Input data:
*** Block opens ***
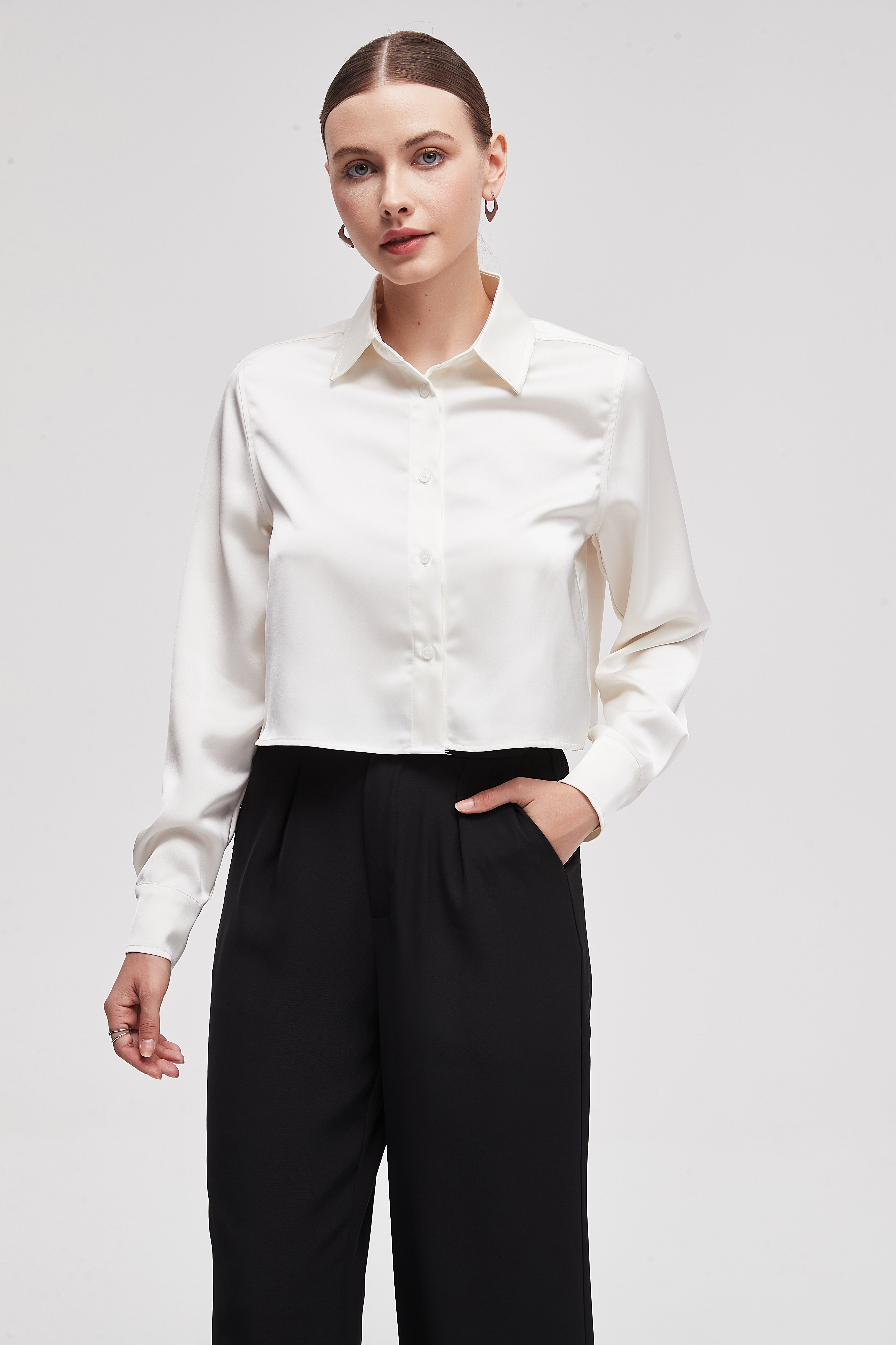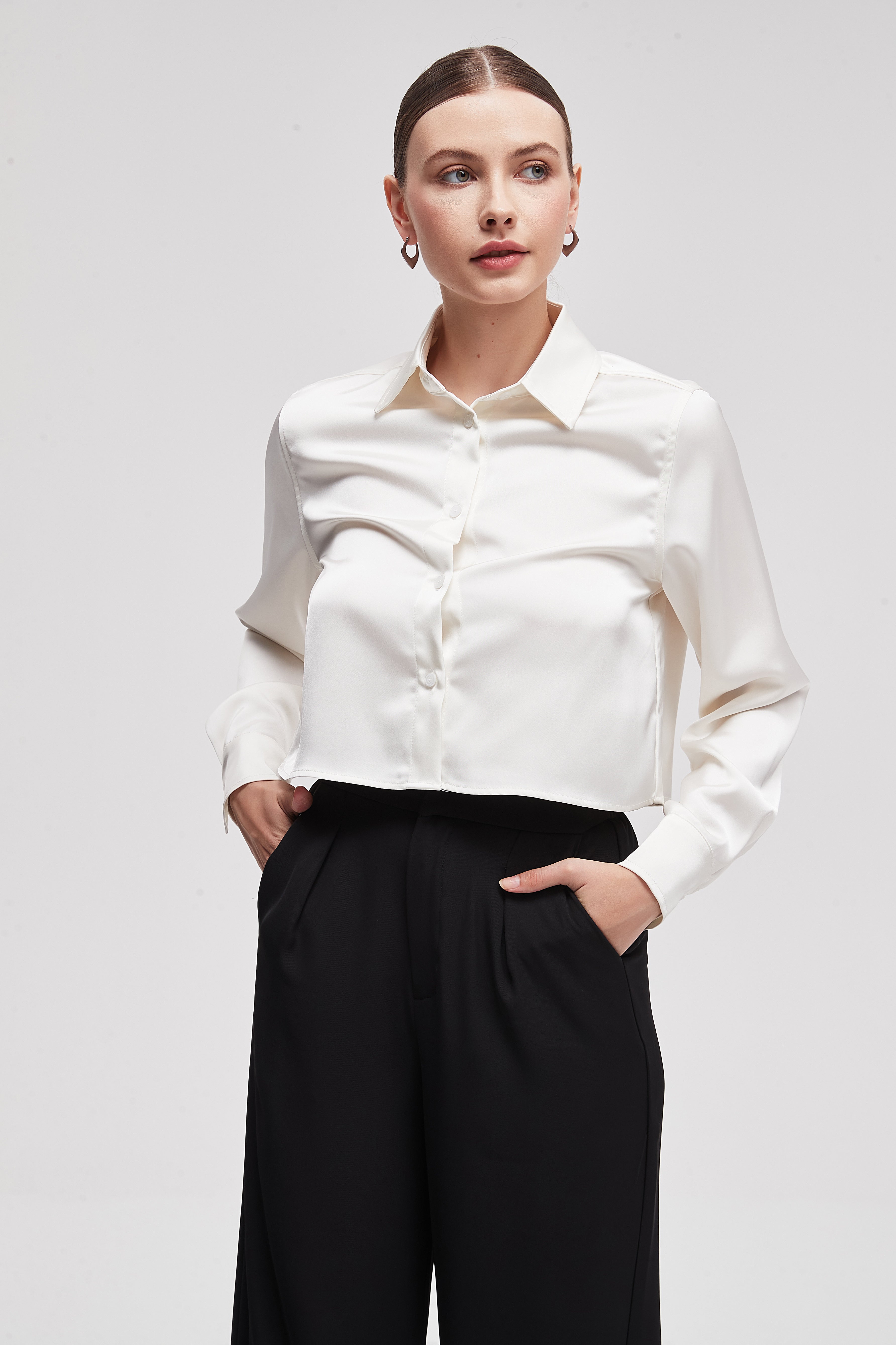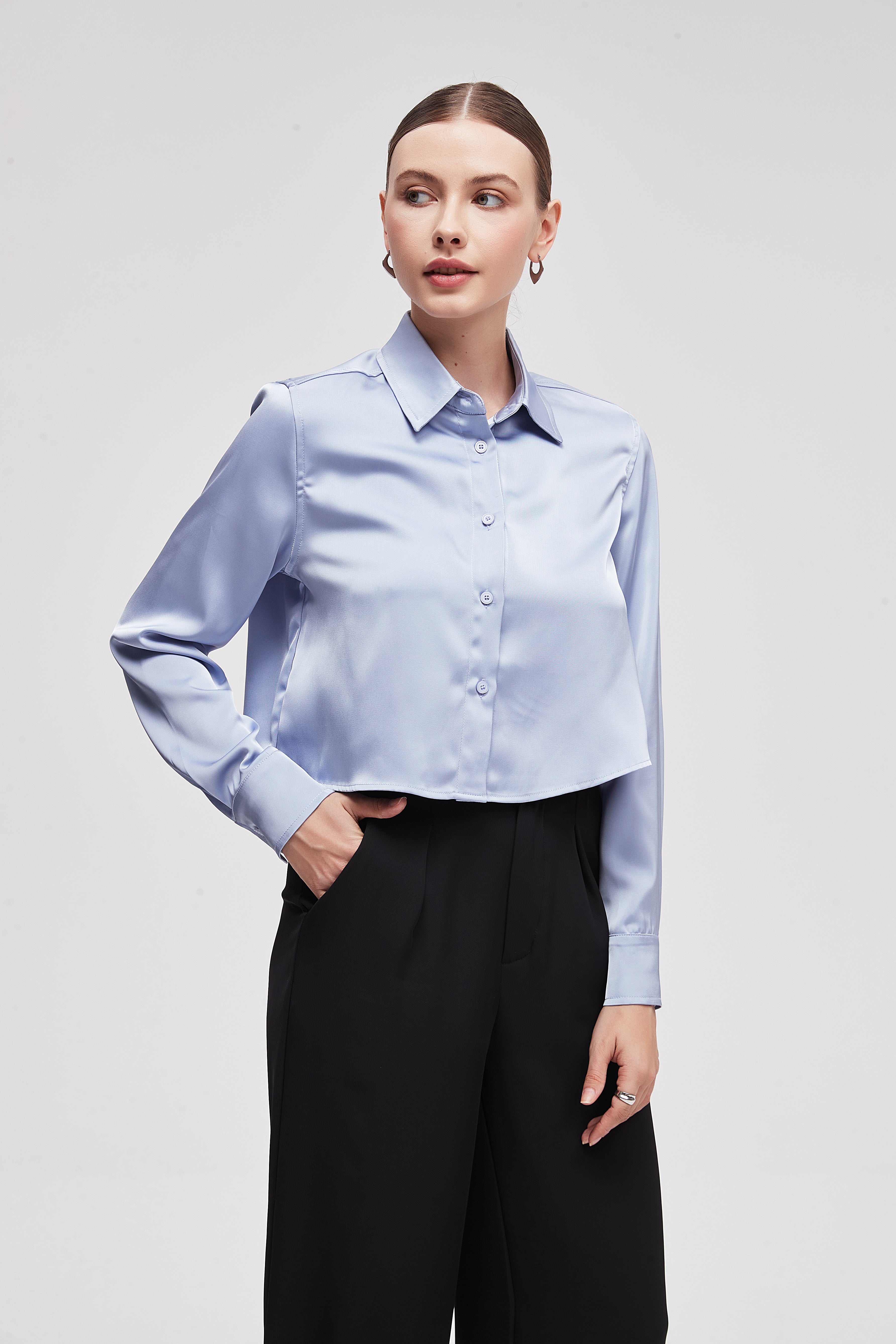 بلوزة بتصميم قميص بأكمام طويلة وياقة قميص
*** Block closes ***
*** Block opens ***
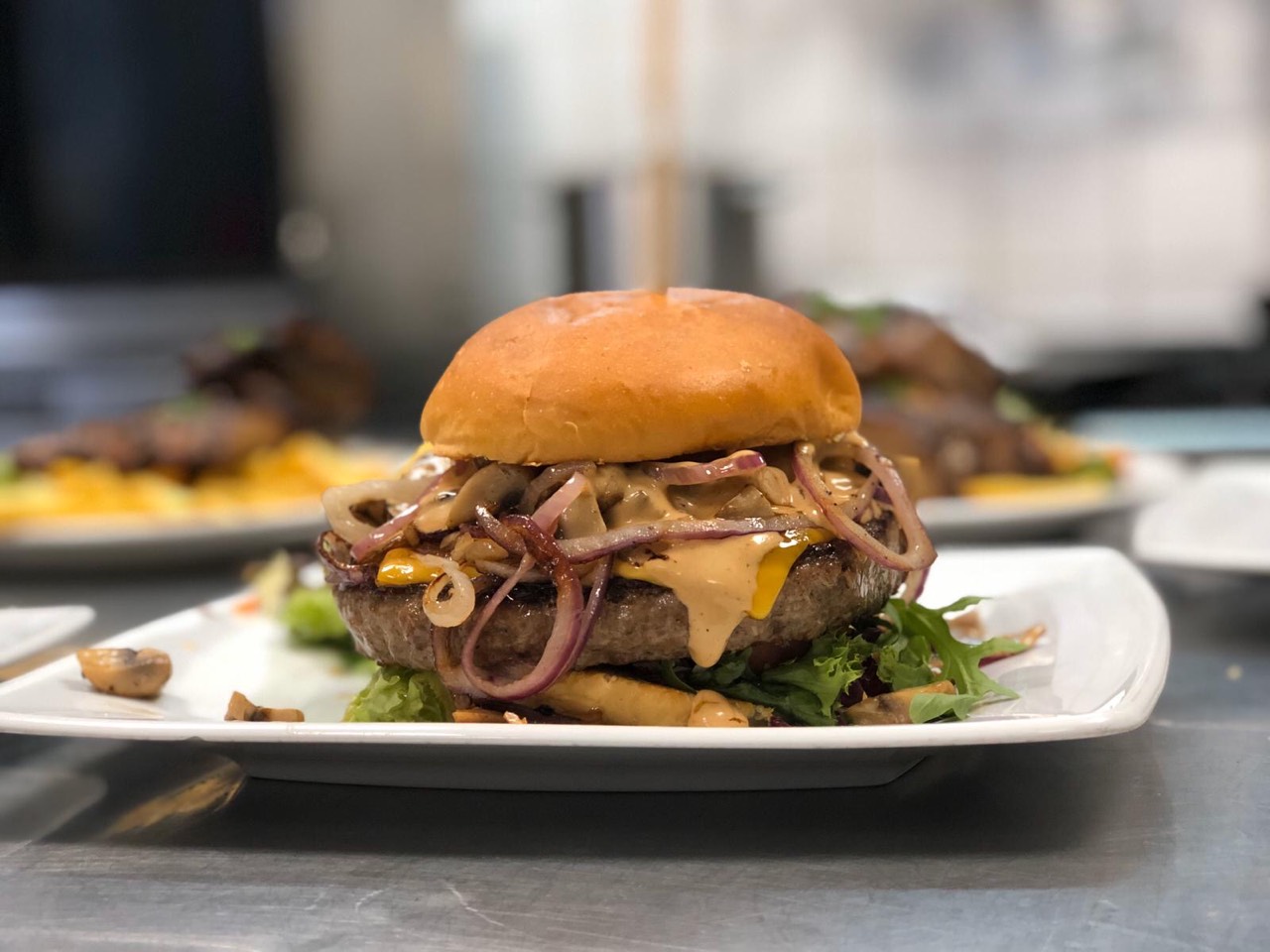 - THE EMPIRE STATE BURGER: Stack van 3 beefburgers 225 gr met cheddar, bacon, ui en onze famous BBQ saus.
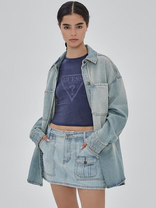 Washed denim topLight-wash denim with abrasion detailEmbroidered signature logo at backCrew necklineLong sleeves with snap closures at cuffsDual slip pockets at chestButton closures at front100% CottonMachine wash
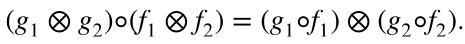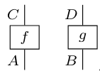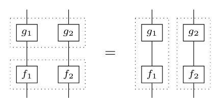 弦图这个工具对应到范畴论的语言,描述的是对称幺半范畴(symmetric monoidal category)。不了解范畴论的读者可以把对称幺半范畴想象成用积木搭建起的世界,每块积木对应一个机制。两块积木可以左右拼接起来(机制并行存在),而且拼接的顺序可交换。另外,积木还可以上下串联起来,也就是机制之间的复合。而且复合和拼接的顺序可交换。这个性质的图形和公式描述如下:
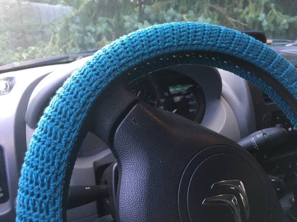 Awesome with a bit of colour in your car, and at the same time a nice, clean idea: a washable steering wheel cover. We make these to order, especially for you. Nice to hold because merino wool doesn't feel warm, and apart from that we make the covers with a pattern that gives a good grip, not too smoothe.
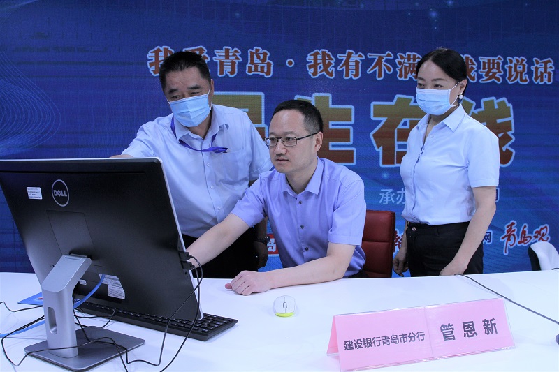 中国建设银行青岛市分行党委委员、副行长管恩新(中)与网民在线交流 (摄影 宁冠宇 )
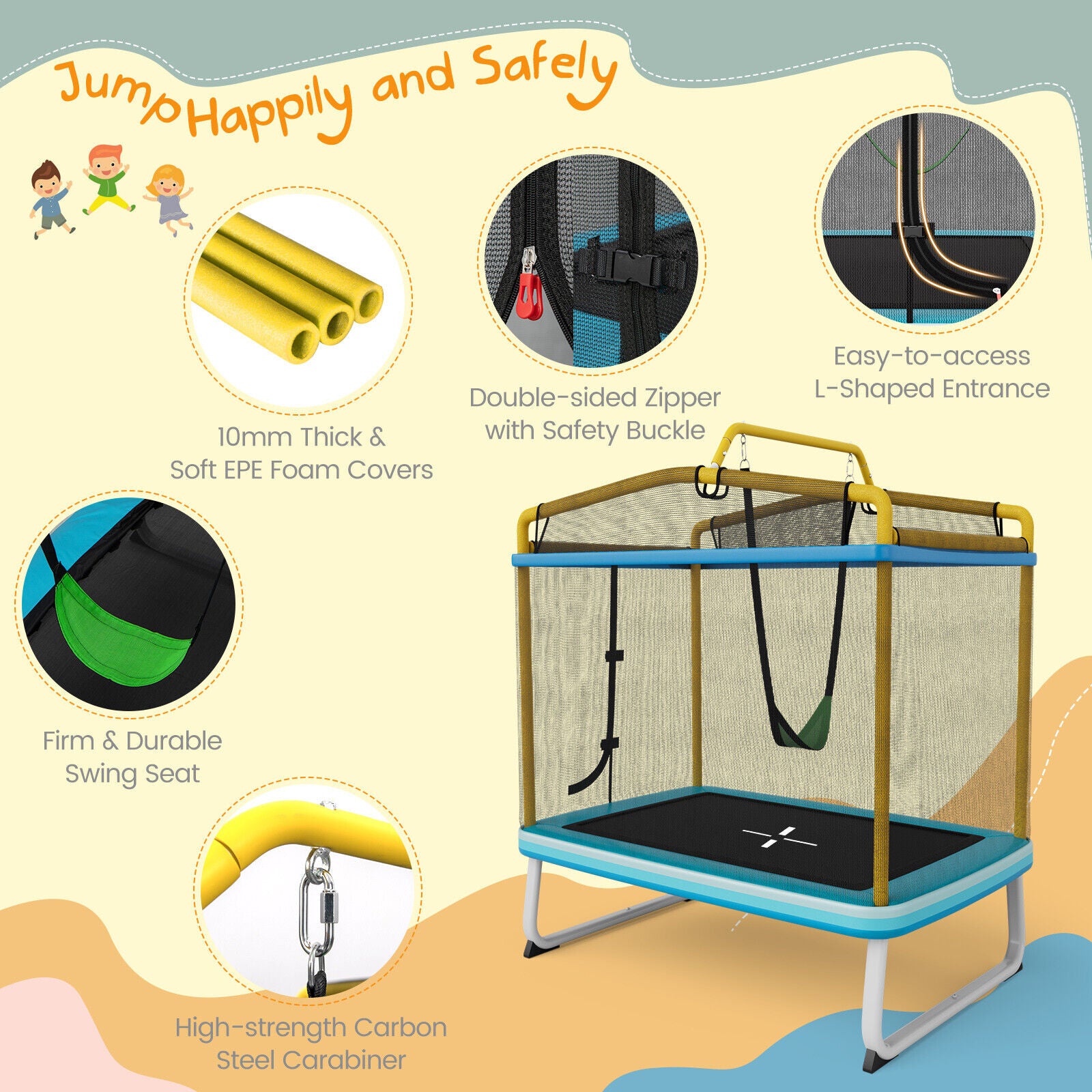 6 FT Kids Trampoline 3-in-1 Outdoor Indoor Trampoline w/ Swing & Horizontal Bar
*** Block closes ***
*** Block opens ***
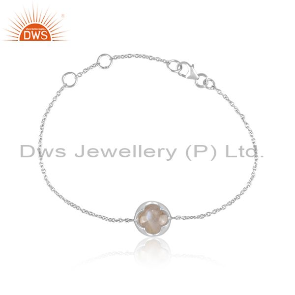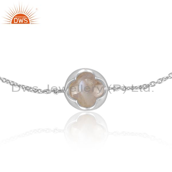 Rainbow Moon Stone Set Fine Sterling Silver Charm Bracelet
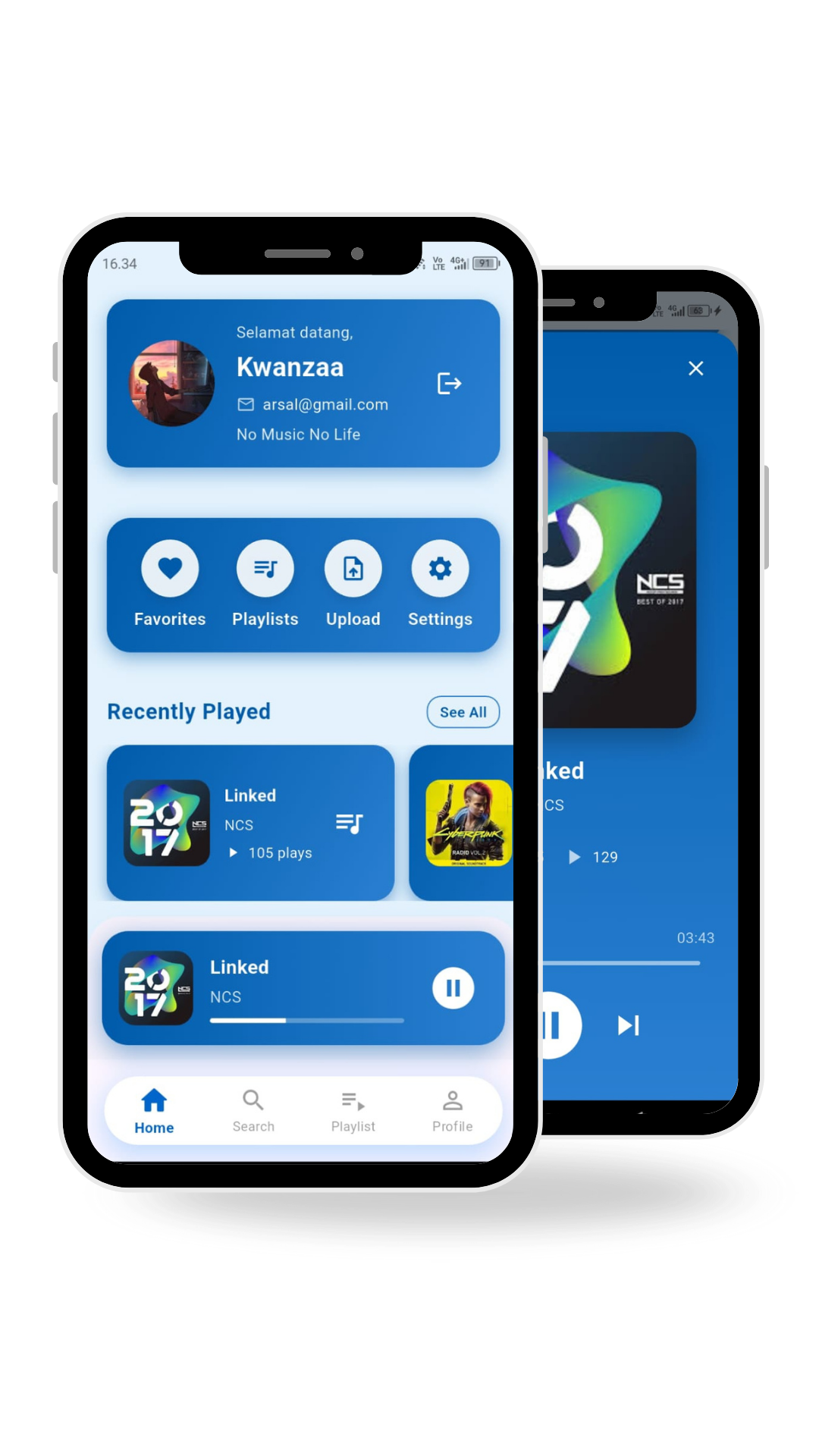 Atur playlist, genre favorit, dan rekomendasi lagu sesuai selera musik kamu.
*** Block closes ***
Work required: Reproduce exactly the lines of the data above that run from the line with "中国建设银行青岛市分行党委委员、副行长管恩新(中)与网民在线交流 (摄影 宁冠宇 )" down to the line with "6 FT Kids Trampoline", both ends included. Pictures do not belong in the copy.

Task response:
 中国建设银行青岛市分行党委委员、副行长管恩新(中)与网民在线交流 (摄影 宁冠宇 )
 6 FT Kids Trampoline 3-in-1 Outdoor Indoor Trampoline w/ Swing & Horizontal Bar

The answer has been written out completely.